Q: What are the criteria for assay validation for final product release tests? Are there any lab or company-specific?

BL: The criteria is what the FDA or your regulatory agency will accept. What they will ask is to show the testing under conditions that are expected and unexpected, and the minimum and the maximum concentration of an analyte of the cells in various buffers. So, you need to be able to collect enough data to be confident that under field conditions, meaning under manufacturing patient material, that the release test is going to be giving you valid answers. I can tell you that we have evaluated a number of assays that can present problems and can be very sensitive. Therefore, it's important to communicate with the agency through the INTERACT Program or through a pre-IND meeting about your release tests and the data that you have to support those tests.

Q: Do you think patient stratification using immune profiling is important in CAR-T cell therapy?

BL: While in pediatric acute lymphoid leukemia we have a complete response rate in the order of 83% to 90%, in lymphoma, for Kymriah and Yescarta and others, the overall response rate is lower (around 45% to 50%) and it's about that for chronic lymphoid leukemia as well. We have done a series of biomarker studies to show that a particular phenotype, a central memory stem cell, in CD8 cells is predictive of a good clinical outcome. Now, that leads to the question: We have an expensive therapy, we have a method of biomarker analysis that could predict, not with 100% certainty, but with some indication in cells collected from a patient, what product is likely to induce a clinical response and what might not induce a clinical response? 

So it is, I think, foreseeable that we will be implementing some biomarker criteria and some eligibility criteria. We'd like to do that in a clinical trial in CLL (chronic lymphocytic leukaemia), for example, and to look at the stratification of response when one looks at these biomarkers and what we believe is going to be a response. It's both a very interesting scientific question, but it is also a health policy question and an ethical question. So would you want to collect cells from patients if you had indications it's fairly unlikely, and I'll just throw out a number of, say, 20%, that they would respond as opposed to another patient where you have biomarker analysis that would predict a, let's say, 70% or 80%, response? 
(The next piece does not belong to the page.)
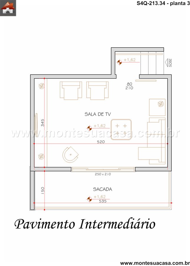 O pavimento intermediário é dedicado ao convívio e ao lazer. Ele abriga uma espaçosa sala de TV, criando um refúgio perfeito para a família. Além disso, este andar conta com uma generosa sacada, uma extensão da área social que permite o contato com o exterior e é ideal para momentos de descontração. A circulação entre os cômodos é fluida, facilitando o dia a dia e a interação entre os moradores.

Q: Can we have your opinion on the idea of using CAR-T cells against more than one target? For instance, infusing the patient with CAR-T against both CD33 as well as another cell, 30CD.
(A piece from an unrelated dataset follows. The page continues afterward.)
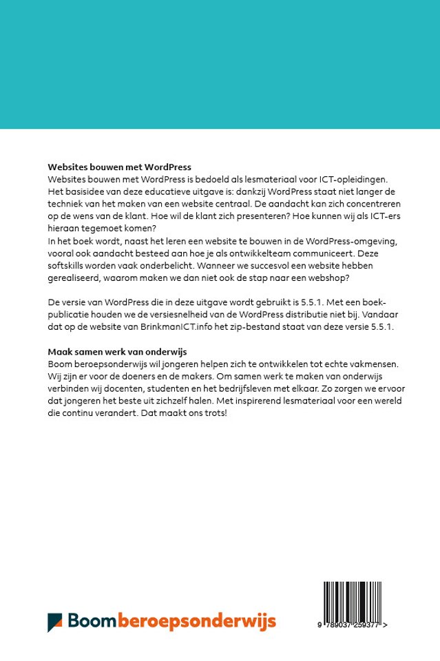 Websites bouwen met WordPress is bedoeld als lesmateriaal voor ICT-opleidingen. Het basisidee van deze educatieve uitgave is: dankzij WordPress staat niet langer de techniek van het maken van een website centraal. De aandacht kan zich concentreren op de wens van de klant. Hoe wil de klant zich presenteren? Hoe kunnen wij als ICT-ers hieraan tegemoet komen?

BL: I mentioned a couple of trials. We're doing one in myeloma targeting BCMA and targeting CD19, where there is some evidence CD19 is present on the myeloma stem cell. We and others, Stanford included, are targeting both CD19 and CD22 in leukemia to prevent antigen escape, and, relevant to the question on CD33, that is a special case because what we're planning to do in the CD33 trial is to create a CD33 negative stem cell population using CRISPR. In the cells that mature from them, those stem cells would be resistant to the CAR-T 33 cells that would be infused to the patient to kill acute myelogenous leukemia. So, in that particular trial, we don't see a combinational approach, at least not at first, but the point is valid not only in hematologic malignancies but also in solid tumors to either target two antigens, or perhaps a targeted tumor antigen, and a tissue-specific marker to enable CAR activation with a switch.

Q: Would you mind giving an overview on paradigm shift, if possible.

BL: Well, that's an open-ended question. So, the way I'll address that is that we have cells and tissues as drugs. We have engineered cells that can be thought of as drug factories. There is preclinical work showing that CAR-T cells can also secrete proteins, cytokines, and bispecific antibodies. Oncolytic viruses can be engineered to produce bispecific antibodies. So, in thinking about how we develop these therapies, of course, it is challenging. I think what's not appreciated is that the regulations, and often regulators in some countries, don't have experience with these types of therapies. It's a multifaceted effort to develop this field, not only scientific and tactical, but with regulation, education, and training as well.